Alejo, with the assistance of his brother, bought the "San José" ranch in Tamaulipas, located 15 kilometers from Ciudad Victoria.

Ranch siege 
Members of the Los Zetas cartel demanded Alejo hand over his ranch property on the 13th of November 2010, giving him 24 hours to comply. Alejo, aged 77, refused to hand the property over. He rounded up the farm workers and ordered them to take the next day off. Alejo then took his firearms from his personal cellar  and placed the weapons by his doors and windows, utilizing his large collection of hunting and sporting weapons.

The following morning the cartel vehicles entered the ranch and were placed near the entrance to Alejo's house. The assassins fired a warning shot into the air, and proclaimed that they would forcefully seize the ranch. Garza Tamez responded with gunfire, and thus the armed gang responded by opening fire on the house, using rifles and grenades. Despite the numerical superiority of the cartel members, they were unable to take the ranch and fled before the arrival of Mexican Marines. Don Alejo took cover in the farm house, killing four of the attackers, while wounding two others.

Mexican Navy units entered the property to find a deserted house partially destroyed by bullet holes and grenade explosions. They found six abandoned bodies on the outside of the farm, four dead and two unconscious. Inside the house they found only the body of Alejo Garza Tamez sustaining 2 bullet wounds, one in the chest and the other in the head.

Upon inspection of the ranch house, it was revealed that guns and shell casings were found in all the windows and doors. It was understood that Alejo had designed his strategy to fight alone, placing weapons on all doors and windows.

Upon inspection, it was determined that Tamez sustained serious injuries from grenade shrapnel and subsequently died before the arrival of  the marines.

Aftermath 
Initially, many local media institutions deferred publishing news of the siege, due to the administrative power of the Los Zetas cartel.

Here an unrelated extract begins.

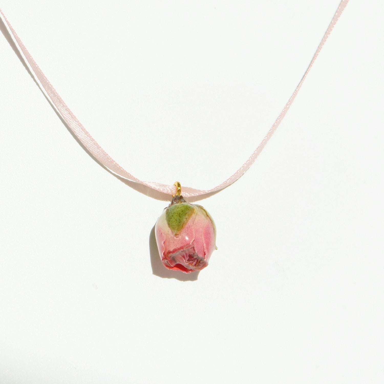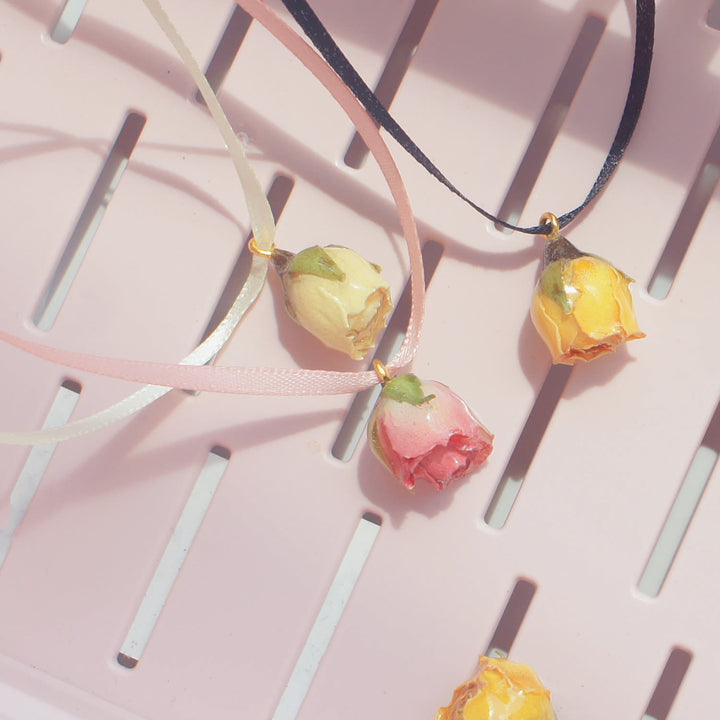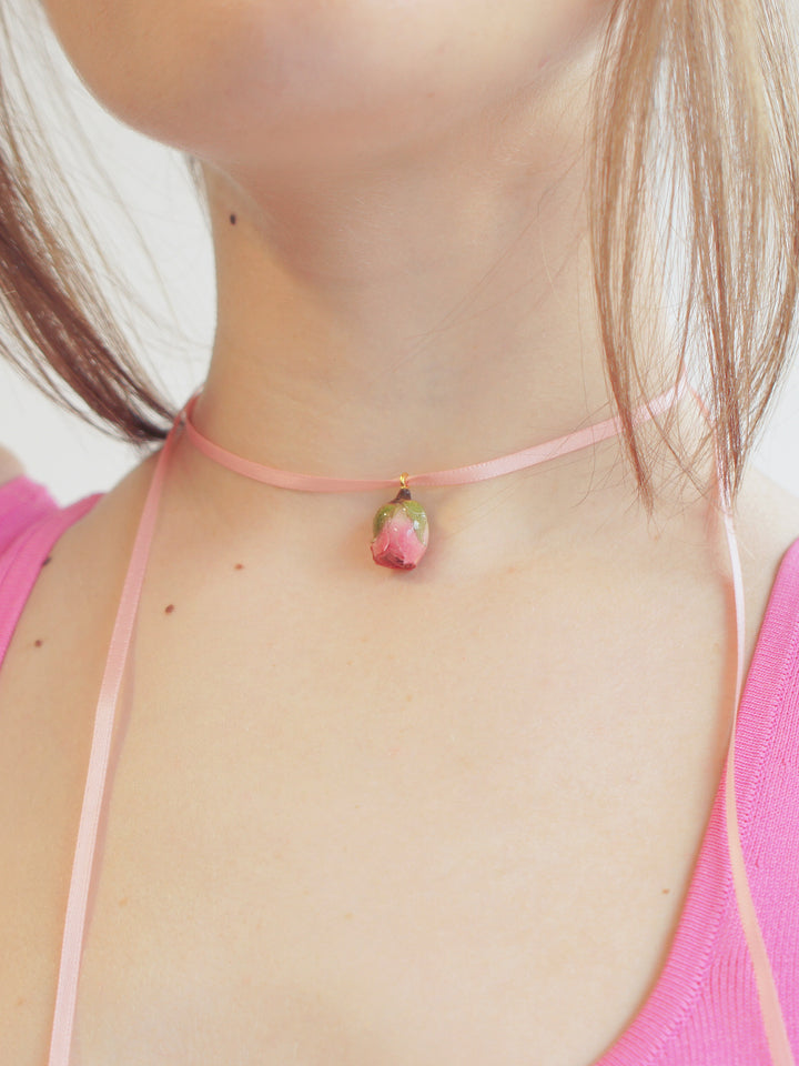 Real Flower Bella Rosa Pink Satin Ribbon Choker With Rosebud Pendant

However, the Milenio newspaper widely reported on the events, with the story quickly spreading throughout Mexican social media sites. Don Alejo quickly became a cultural icon for his efforts in defending himself against organised crime.

Despite the significant media attention, no investigation into Alejo's murder has taken place, or any charges be issued against the Los Zetas cartel.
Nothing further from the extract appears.